» **Directions for this task**: Leaving the pictures aside, transcribe every line below exactly.

» **Data block**:
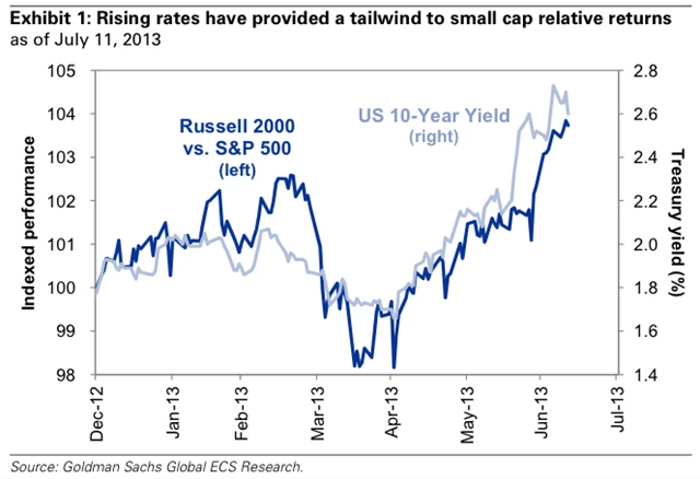 Graf srovnávající poměr Russell 2000 a S&P 500 s výnosy 10letých amerických dluhopisů mu v tomto smyslu dává za pravdu - s růstem úroků (v reakci na možnost, že Fed omezí QE) se lépe dařilo akciím menších amerických firem.
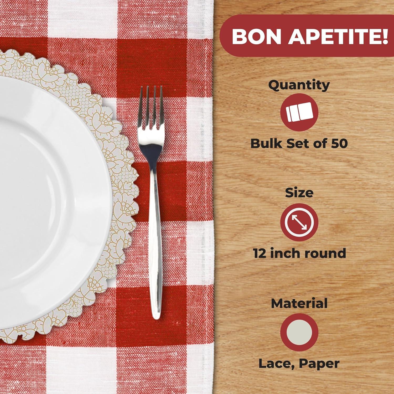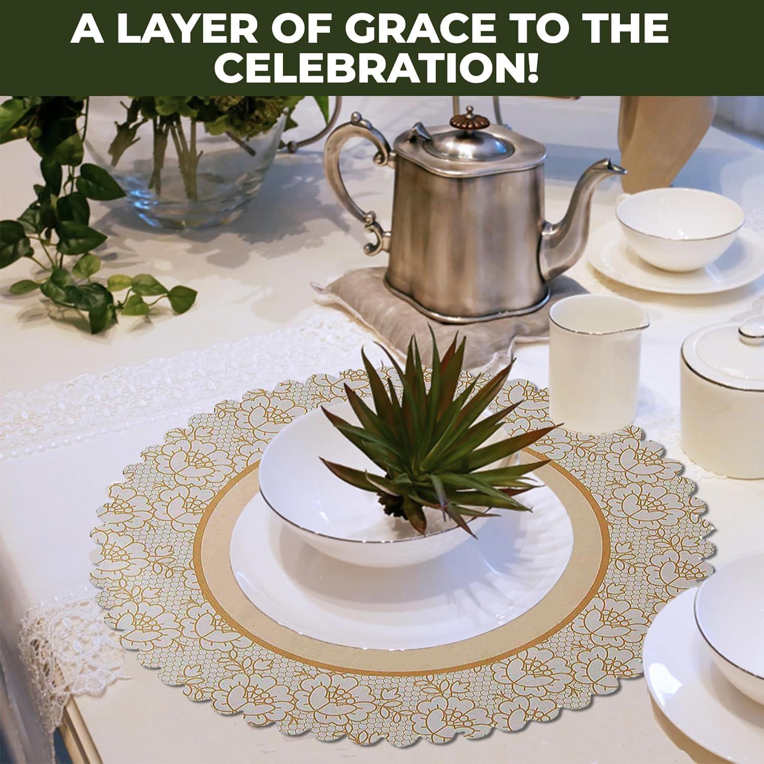 Immerse your wedding in the seamless beauty of disposable chic, a transformative touch that elevates your aesthetic instantly. Crafted for the discerning couple seeking both elegance and practicality, these lace doilies for tables redefine wedding decor. Picture effortless table settings that radiate sophistication, each detail meticulously designed for a stress-free planning experience. The ease of cleanup becomes an art form, where style meets practicality in perfect harmony. As you navigate the intricacies of wedding preparation, these 12 inch round placemats emerge as the unsung heroes, adding a touch of lace luxury to every table and leaving a lasting impression on your guests. Transform the ordinary into the extraordinary with a bulk set of 50, ensuring seamless coordination for larger events. Amidst the hustle of planning, let these paper lace doilies become your reliable companions, delivering not just practicality but an embodiment of refined elegance
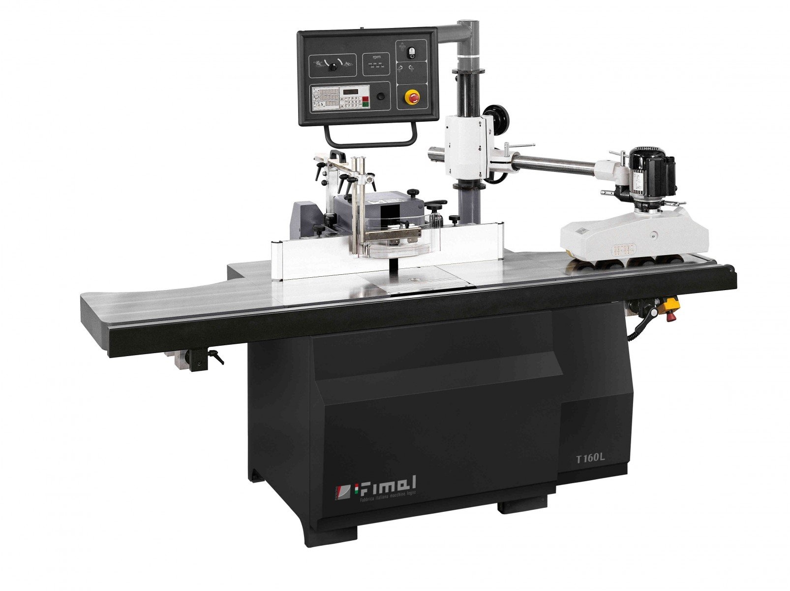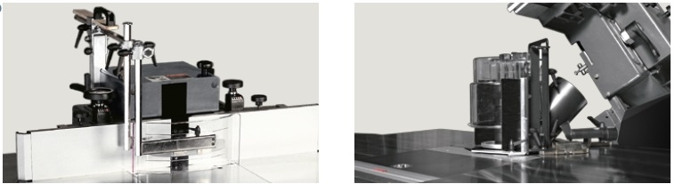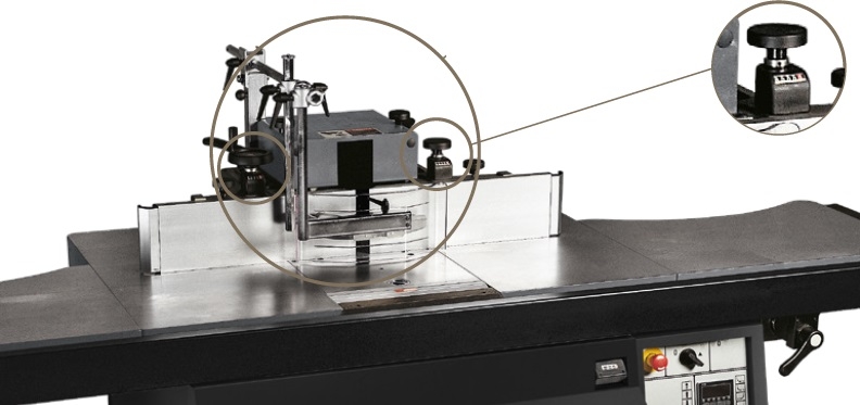 Regulowany mechanicznie ogranicznik nastawny z odczytami, które pozwalają precyzyjnie ustawić zarówno kompletną prowadnicę, jak i stół podający względem narzędzia, z dziesiętną precyzją, która eliminuje konieczność wykonywania próbnych obróbek. Osłona z prowadnicami podawczymi i odbiorczymi z anodowanego aluminium.

» **Exercise solution**:
 Graf srovnávající poměr Russell 2000 a S&P 500 s výnosy 10letých amerických dluhopisů mu v tomto smyslu dává za pravdu - s růstem úroků (v reakci na možnost, že Fed omezí QE) se lépe dařilo akciím menších amerických firem.
 Immerse your wedding in the seamless beauty of disposable chic, a transformative touch that elevates your aesthetic instantly. Crafted for the discerning couple seeking both elegance and practicality, these lace doilies for tables redefine wedding decor. Picture effortless table settings that radiate sophistication, each detail meticulously designed for a stress-free planning experience. The ease of cleanup becomes an art form, where style meets practicality in perfect harmony. As you navigate the intricacies of wedding preparation, these 12 inch round placemats emerge as the unsung heroes, adding a touch of lace luxury to every table and leaving a lasting impression on your guests. Transform the ordinary into the extraordinary with a bulk set of 50, ensuring seamless coordination for larger events. Amidst the hustle of planning, let these paper lace doilies become your reliable companions, delivering not just practicality but an embodiment of refined elegance
 Regulowany mechanicznie ogranicznik nastawny z odczytami, które pozwalają precyzyjnie ustawić zarówno kompletną prowadnicę, jak i stół podający względem narzędzia, z dziesiętną precyzją, która eliminuje konieczność wykonywania próbnych obróbek. Osłona z prowadnicami podawczymi i odbiorczymi z anodowanego aluminium.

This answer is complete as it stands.